Whatever changes happening are only distractions from the real issues. All the actors in this show-down are not any different. Are these not the same people who sucked life out of South Sudan? What makes it different when one crook is replaced with another? This brings us to the question: what next?

To answer this question, let’s start with the big bang. On 23rd July 2013 without any warning, president Kiir fired his entire cabinet while retreating to his cattle camp in Luri outside Juba, an act revealing of a president stricken by fear.

Uncertain about the consequences of his action, he hid himself in the camp among the cows for over a week leaving the country without any government.

On 31st July 2013, sensing calm, he emerged from his hide out with a list of the replacement cabinet including Telar Deng as designated minister of Justice.

The parliamentary committee vested with vetting the nominees wasted no time in delivering instant response. Their verdict was that all the nominees were fit except Telar Deng. Telar’s documents were found to be inappropriate. One notable thing in both his first and second degrees was absence of graduation dates, something completely out of the norm with all authentic certificates. The grapevine had it that Telar himself said he could not remember his graduation days. How convenient?

The disqualification of Telar Deng from the post of minister for justice through the vetting committee does not mean that things are at last going to change in South Sudan as trumpeted by honourable Ngere Paciko, member of the said committee recently. As soon as this commotion settles down SPLM will be back to business as usual. They will revert to their normal self.

The history of SPLM is full of such examples where a slight change is portrayed as the beginning of a new era but then it quickly goes back to its cocoon. A good example is the 1994 convention held in Chukudum. This convention was convened at a time when the organisation was going through very difficult times both internally and externally. SPLM was leaking support all over.
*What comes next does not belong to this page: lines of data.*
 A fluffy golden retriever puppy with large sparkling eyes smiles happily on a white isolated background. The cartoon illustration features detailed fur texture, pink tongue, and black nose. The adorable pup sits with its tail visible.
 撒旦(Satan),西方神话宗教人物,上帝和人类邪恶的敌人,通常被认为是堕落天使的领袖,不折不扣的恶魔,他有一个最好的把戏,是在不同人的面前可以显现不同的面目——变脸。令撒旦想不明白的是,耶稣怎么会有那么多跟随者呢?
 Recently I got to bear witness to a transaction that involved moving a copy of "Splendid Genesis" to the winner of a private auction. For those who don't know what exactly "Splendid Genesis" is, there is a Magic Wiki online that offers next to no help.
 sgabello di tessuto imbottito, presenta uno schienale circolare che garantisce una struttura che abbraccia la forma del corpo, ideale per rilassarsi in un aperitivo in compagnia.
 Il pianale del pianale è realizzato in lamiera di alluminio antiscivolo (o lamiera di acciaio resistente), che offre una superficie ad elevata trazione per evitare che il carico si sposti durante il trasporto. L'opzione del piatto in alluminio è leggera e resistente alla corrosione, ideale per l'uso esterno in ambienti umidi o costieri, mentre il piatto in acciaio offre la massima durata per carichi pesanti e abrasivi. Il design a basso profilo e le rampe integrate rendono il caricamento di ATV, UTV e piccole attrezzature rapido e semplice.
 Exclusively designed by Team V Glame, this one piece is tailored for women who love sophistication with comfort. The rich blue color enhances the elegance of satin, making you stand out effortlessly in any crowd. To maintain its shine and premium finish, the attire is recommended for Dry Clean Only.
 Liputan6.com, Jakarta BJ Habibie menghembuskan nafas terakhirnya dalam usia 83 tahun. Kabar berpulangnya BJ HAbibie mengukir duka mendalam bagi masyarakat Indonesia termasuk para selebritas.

Frightened with demise, the organisation held this convention and came up with beautiful resolutions. Supporters were jubilant and it was believed that the organisation had changed and democracy would prevail.

Deserters returned to the battle fields from the refugee camps in Uganda, Congo and Kenya, rolling back the gains of Sudan government. As soon as the SPLM regained its strength it went back to its normal behaviour. The first casualty was their inability to stick to their own resolutions.

According to the resolutions, SPLM was supposed to hold regular conventions every 5 years. When the time came for the second convention in 1999 a lot of unfounded excuses were given and nothing happened. Same in 2004 and it was only in 2008 that SPLM was forced to hold a convention because of their position in the new environment of peace under the CPA.

The failure to hold their conventions as stipulated in their documents is simply down to fear of changes in the leadership. Now you can see the façade being replayed in independent South Sudan with the should-have-been-convened convention in May of this year. As members wait, the question is: will it ever happen? God knows.

SPLM has a clear pattern in dealing with its difficulties. When it is in a difficult situation it will bend to accommodate and then re-adjust to its former self.

So the disqualification of Telar Deng by the vetting committee follows this pattern and it does not mean anything in terms of change in SPLM itself or in South Sudan.

Telar happened to have farmed a lot of enemies for himself among his “comrades” and the vetting decision is the outcome of that vile feeling against him.

Who among most of these Oyeeites can claim they do not have blood of innocent people on their hands?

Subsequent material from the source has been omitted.